[Recorded data]
════
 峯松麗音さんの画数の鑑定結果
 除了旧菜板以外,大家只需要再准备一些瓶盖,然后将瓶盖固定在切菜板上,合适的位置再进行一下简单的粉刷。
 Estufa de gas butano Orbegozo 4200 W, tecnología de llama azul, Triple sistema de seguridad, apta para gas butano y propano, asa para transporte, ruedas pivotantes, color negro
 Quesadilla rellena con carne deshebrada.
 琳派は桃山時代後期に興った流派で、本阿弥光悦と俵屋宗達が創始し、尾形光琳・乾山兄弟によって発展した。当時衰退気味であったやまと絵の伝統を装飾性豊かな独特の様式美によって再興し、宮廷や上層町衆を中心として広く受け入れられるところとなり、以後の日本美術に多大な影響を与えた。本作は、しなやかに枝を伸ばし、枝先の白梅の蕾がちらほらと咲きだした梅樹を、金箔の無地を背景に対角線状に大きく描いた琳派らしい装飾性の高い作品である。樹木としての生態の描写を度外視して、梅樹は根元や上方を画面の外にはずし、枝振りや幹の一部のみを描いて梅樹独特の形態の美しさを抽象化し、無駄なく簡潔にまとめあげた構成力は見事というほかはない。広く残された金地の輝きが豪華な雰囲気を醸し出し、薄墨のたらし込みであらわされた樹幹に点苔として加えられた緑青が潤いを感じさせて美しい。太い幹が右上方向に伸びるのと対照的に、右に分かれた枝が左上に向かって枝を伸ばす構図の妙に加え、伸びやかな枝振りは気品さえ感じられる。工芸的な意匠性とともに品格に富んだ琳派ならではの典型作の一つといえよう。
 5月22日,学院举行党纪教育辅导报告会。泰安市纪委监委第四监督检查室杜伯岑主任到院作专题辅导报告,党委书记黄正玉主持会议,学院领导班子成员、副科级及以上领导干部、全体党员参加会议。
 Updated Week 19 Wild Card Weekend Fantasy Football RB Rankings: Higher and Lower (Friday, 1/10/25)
════
> _What to work on_
Your task is to restate, word for word, the lines from the beginning of the records to the line with "Estufa de gas", inclusive.

> _Completed task_
 峯松麗音さんの画数の鑑定結果
 除了旧菜板以外,大家只需要再准备一些瓶盖,然后将瓶盖固定在切菜板上,合适的位置再进行一下简单的粉刷。
 Estufa de gas butano Orbegozo 4200 W, tecnología de llama azul, Triple sistema de seguridad, apta para gas butano y propano, asa para transporte, ruedas pivotantes, color negro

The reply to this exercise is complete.